We will certainly update NCCN with the full manuscript as soon as that's available, and we hope that gives them everything they need to make a prompt decision on that and adoption, which we expect. Certainly, we think the data speak for itself.

I mean head-to-head against Herceptin, zanidatamab definitively wins. Clear that tislelizumab is adding and there's likely to be a synergy between zani and tislelizumab as demonstrated by the activity in the PD-L1 negative subset, supporting its use upfront with tislelizumab.

And so we think those data speak for themselves, and that should be reflected in NCCN.

Sorry, just to finish off the remainder of that question there. Yes, I mean, NCCN guidelines inclusion, obviously important.

We think that the data supports a Category 1 inclusion. If it comes before the launch, then that will open up access ahead of regulatory approval.
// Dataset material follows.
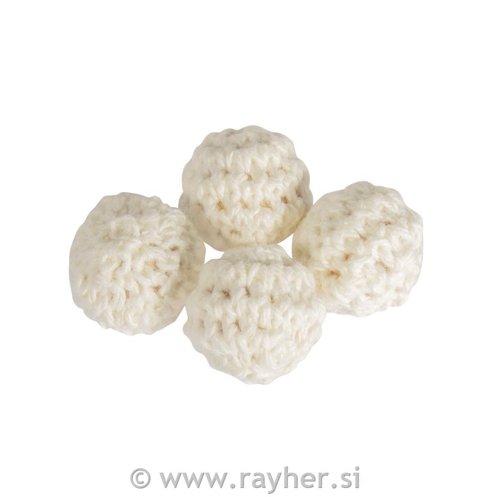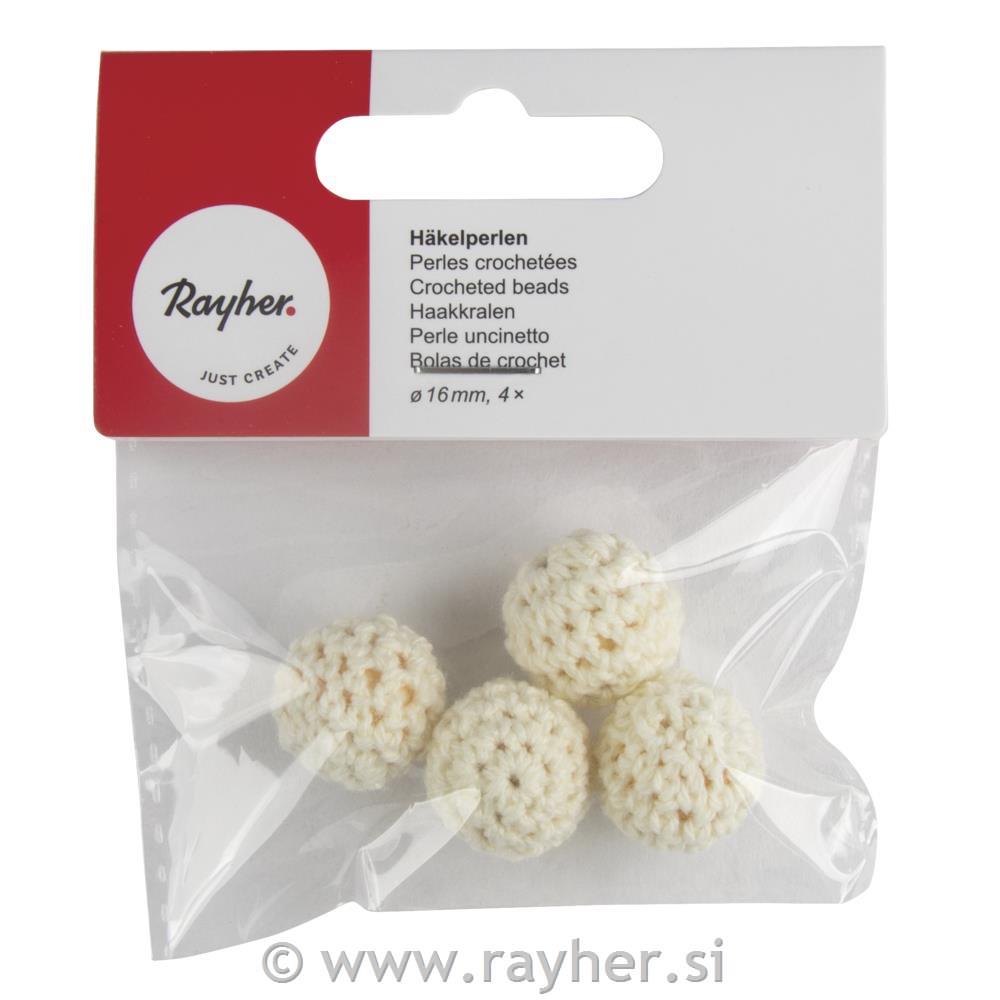 Kvačkane perle premera 16 mm imajo leseno jedro s 3 mm luknjico za vrvico in so kvačkane z barvno kvačkano nitjo iz 100-odstotnega bombaža.

Of course, we don't promote that ahead of regulatory approval, but certainly, that will make it easier for physicians to provide access to their patients. And yes, the breast cancer opportunity, obviously, very significant, significantly larger than either the BTC opportunity or the GEA opportunity with many more patients that can potentially benefit from zanidatamab.

So we're excited, obviously, about that for the long-term potential for HER.

Thanks, operator. I'd like to close today's call by thanking all our partners and stakeholders for their continued confidence and support.

We look forward to sharing further updates on the potential approval of zanidatamab in GEA and additional meaningful progress with you over the remainder of the year. So thank you for joining us, and have a great day.